The addition formula is optimized and cannot be used for $$2[p]$$. From your questions and comments, I understand that you are trying to find the scalar multiplication by just adding;

## Scalar Multiplication

The scalar multiplication $$[k]P$$ this actually means adding $$P$$, $$k$$-time itself. More formally;

let $$k \in \mathbb{N}\backslash\{ 0\}$$

\begin{align} [k]:& E \to E\\ &P\mapsto [k]P=\underbrace{P+P+\cdots+P}_{\text{k times}}.\end{align}

To use these formulas correctly, you need the double-and-add algorithm

#Returns [k]G, where p is modulus
#and c is the constant of the Generalized Hessian Curve
N = P
Q = 0
for i in bits(k)
if i = 1 then
N = point_double(N)
return Q


Where the bits convert the $$k$$ into binary form and started from LSB.

I've found a problem during the calculation of the order an element, later figured out the cause. One can reach the codes and explanations on the Q/A from the StackOverflow

The order of $$(4,2,6)$$ is $$77400$$ i.e. $$[77400](4,2,6) = \mathcal{O}$$ and the order factors into $$2,2,2,3,3,5,5,43$$. Not a good curve.

To run better, the order of the curve must be calculated before and so that one can use $$[k]P = [k \bmod order]P$$ equality.

## Smart's Sample Curve

N.Smart wrote an article titled The Hessian Form of an Elliptic Curve.
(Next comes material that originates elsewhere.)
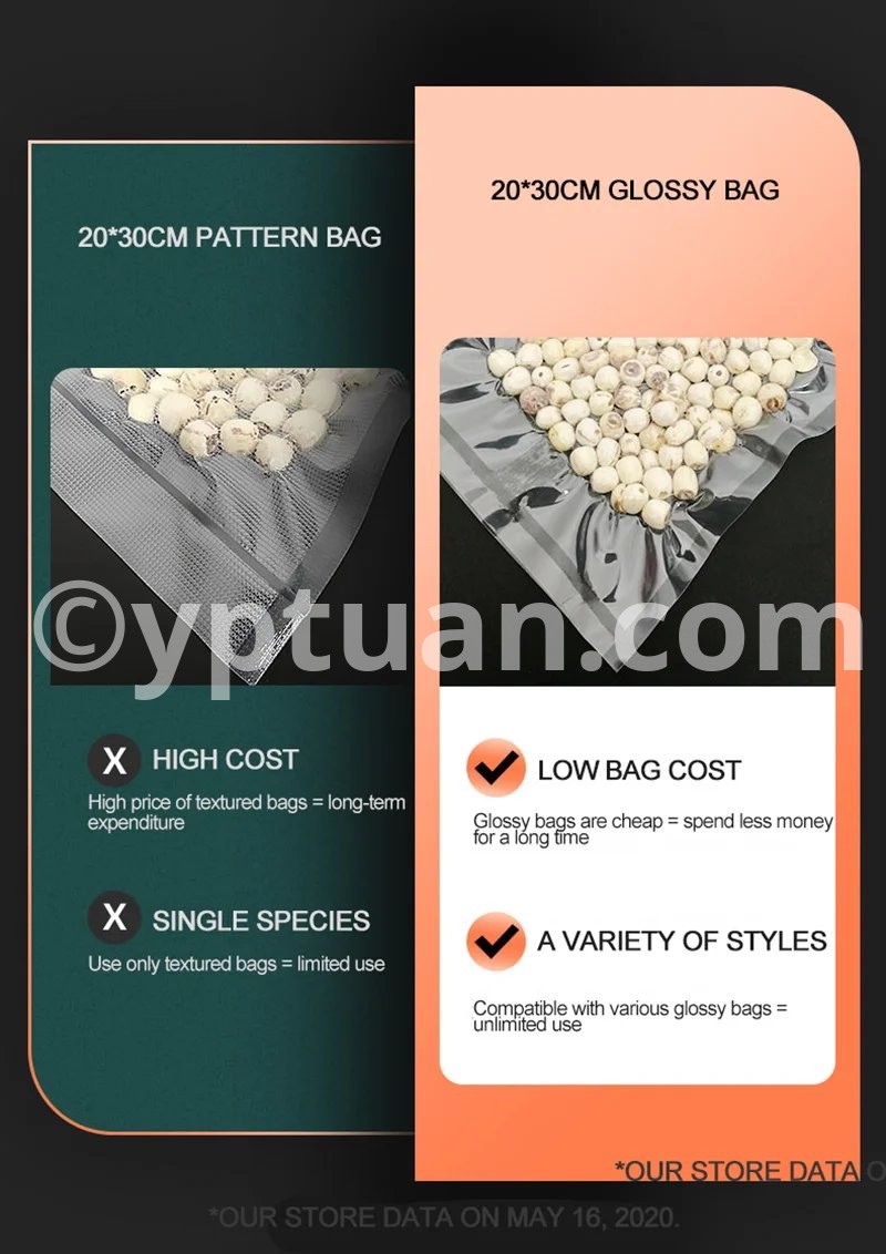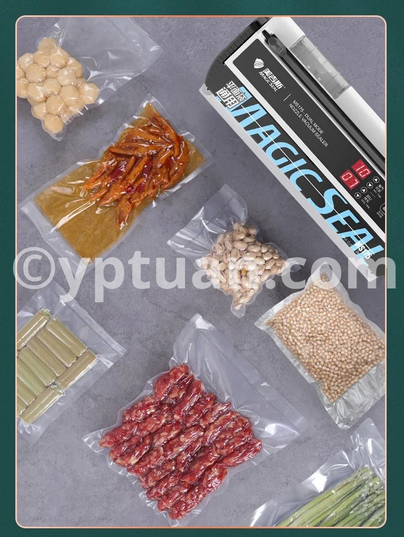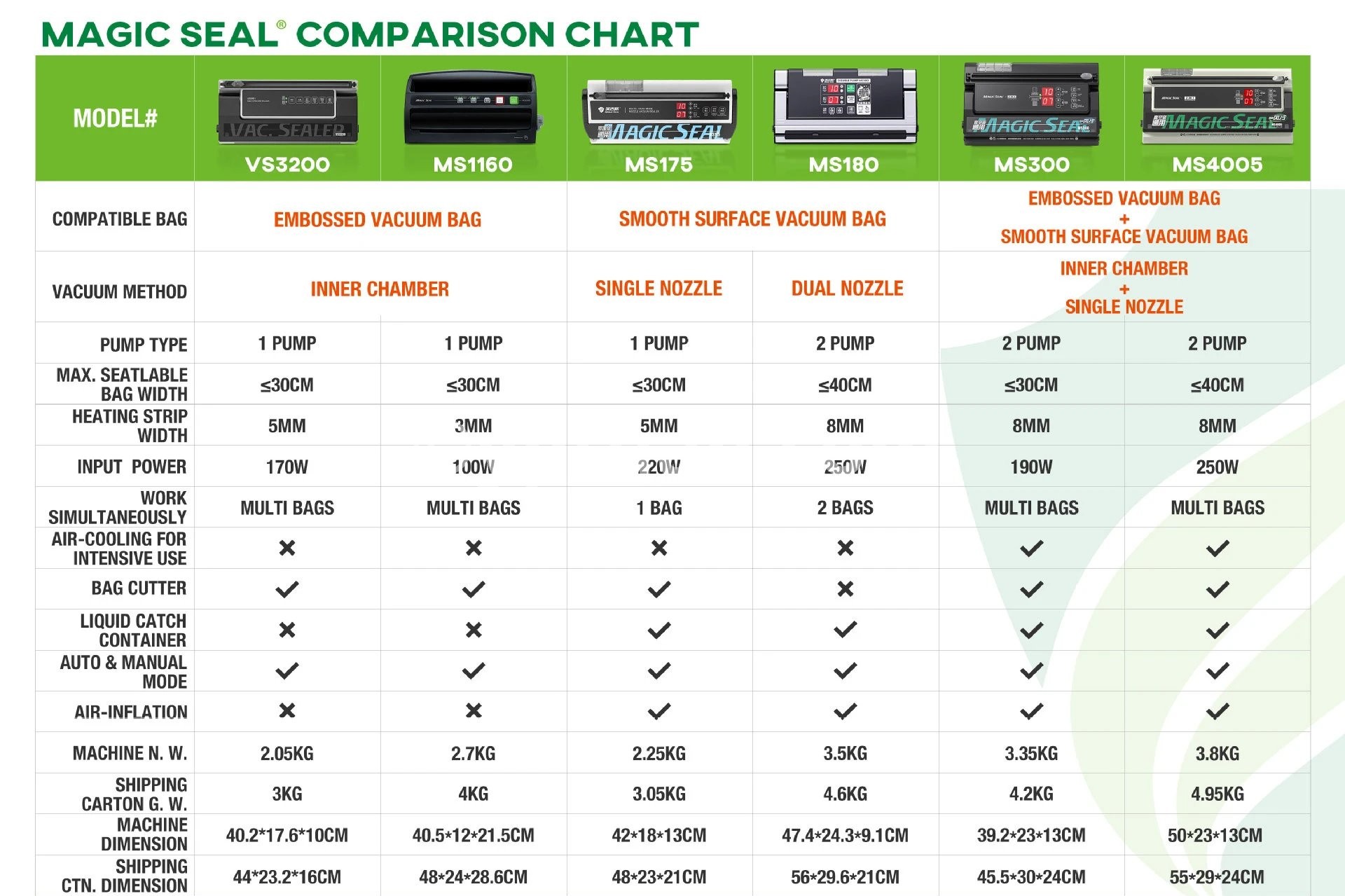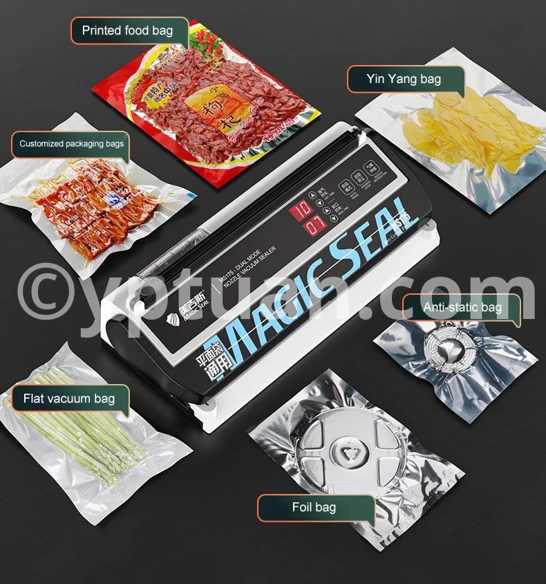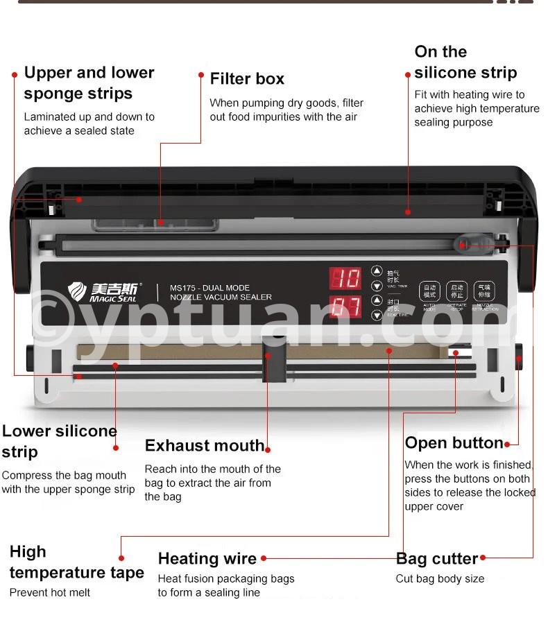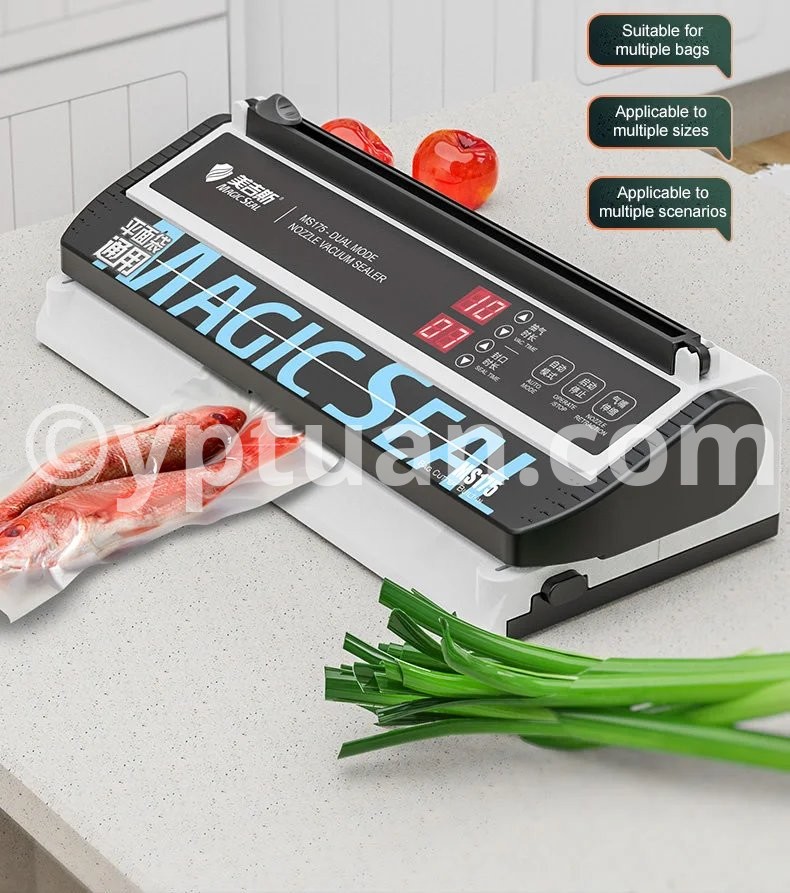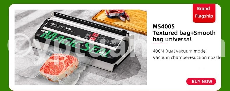 *At present, the 8mm wide sealing line of MAGIC SEAL MS175 has been changed to 5mm. To reduce the heating burden of electric heating wires.Please be informed. 1.MS175 vacuum sealing machine is applicable to smooth surface vacuum bags. Advantages of smooth bag: low cost, various forms. 2.The sealing strip will heat up when vacuuming, please do not touch it during use to avoid burns.

In this work first, a curve over $$\operatorname{GF}(2^{191})$$ on the form $$E': y^2 +xy = x^3 + x^2 + b$$ $$b = \texttt{0x4DE3965E00F2A1C6C9750156A6FEFBE5EEF780BF3EF20E48}$$ is given, and that then transferred to a Hessian form.

$$x^3 + y^3 + z^3 = Dxyz$$

$$D = \texttt{0x16A4C7C2030FAD1380ABF8C2D47DC3E0C20AF62F6EDD06A7}$$

A point of order $$q$$ on $$C$$ is also given by $$(x, y, z)$$, where

$$x = \texttt{0x52FD0CE78D0651B4F66D2F4E12E170CA3E429F6A06433B22}$$ $$y = \texttt{0x1BECA50368403F3D13173968082B035397C77830A9D90E5D}$$ $$z = \texttt{0x2B08F7C0CCAC86151AA6FECABDD2D052BD60924F28A6A78E}$$

That is not generalized, however, your $$c=1$$ make is in this case. You can benefit from this curve.

The addition formula (5) cannot be used to double a point. If you do so, you end up with the invalid point (0:0:0).